Retailers Seek Flexible Financing Options to Boost Sales, Customer Experience

Offering a broad range of financing options helps merchants’ sales while improving the customer experience.

Fresh off a successful Black Friday and Cyber Monday, Vicki Turjan, president of Versatile Credit, said retailers are focused on what’s next.

“It’s an iffy time for retailers, so anything they can do to drive the almighty dollar, and revenues, is a good thing,” she said.

And in that bid to drive revenues, she said, it’s important to note that as consumers are pressured, as they live paycheck to paycheck, and as some consumers’ credit scores fall from prime levels, merchants need a full stack of financing options available at the point of sale (POS) to help drive sales conversions.

Against that backdrop, retailers are taking stock of how expensive it can be to offer long-term financing programs over 60 months (with no interest) for example, through their own cards. Versatile Credit serves as an invisible financing engine for retailers, giving them a variety of options to provide credit to customers in omnichannel settings — online, via eCommerce or in store. A wide range of traditional and nontraditional lenders are joining the fray.

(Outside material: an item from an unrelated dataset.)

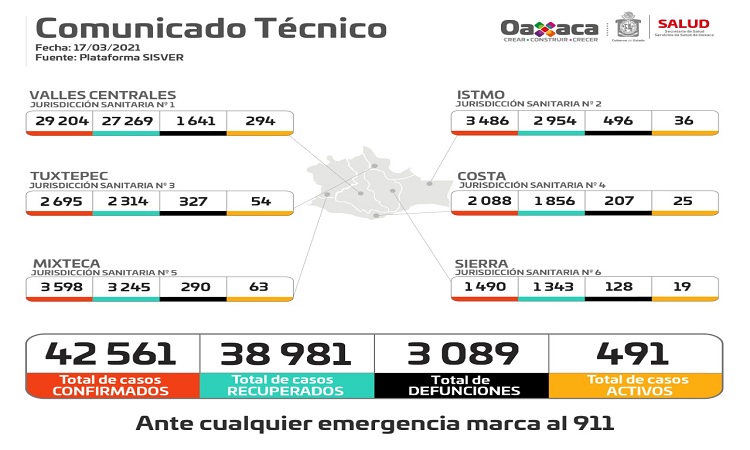 La jefa del departamento de Promoción a la Salud de los Servicios de Salud de Oaxaca (SSO), Martha Fabiola Medina Casas, informó que se registraron 163 contagios de COVID-19 este 17 de marzo, para acumular 42 mil 561 casos confirmados en la entidad, además de 14 decesos; por lo que el global de fallecimientos llegó a los tres mil 089.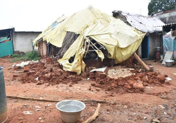 தொடர் மழையால் விருத்தாசலம் அடுத்த குப்பநத்தம் பகுதியில் கூரை வீடு மழையால் சேதம் அடைந்தது.

For the merchants themselves, that’s a boon, as they can make sure that at the POS a variety of financing options exist that move well beyond the confines of installment plans and well beyond just one or two offers. That plethora of choice is enabled by Versatile Credit’s online marketplace of lenders that can align offers according to risk tolerance that are extended in real time at the POS.

Promotional Financing Gains Ground

“Promotional financing is pretty significant these days, and lenders are being more judicious with their decisioning,” Turjan said. “Everybody tightens up their belt a little bit and considers credit risk a bit more aggressively.”

There’s also demand for financing across verticals as wide ranging as home improvement and elective medical procedures, travel and even plumbers, she said. The appeal also ranges across consumer demographics.

“We’re seeing some pretty high-income people take advantage of promotional financing,” she said.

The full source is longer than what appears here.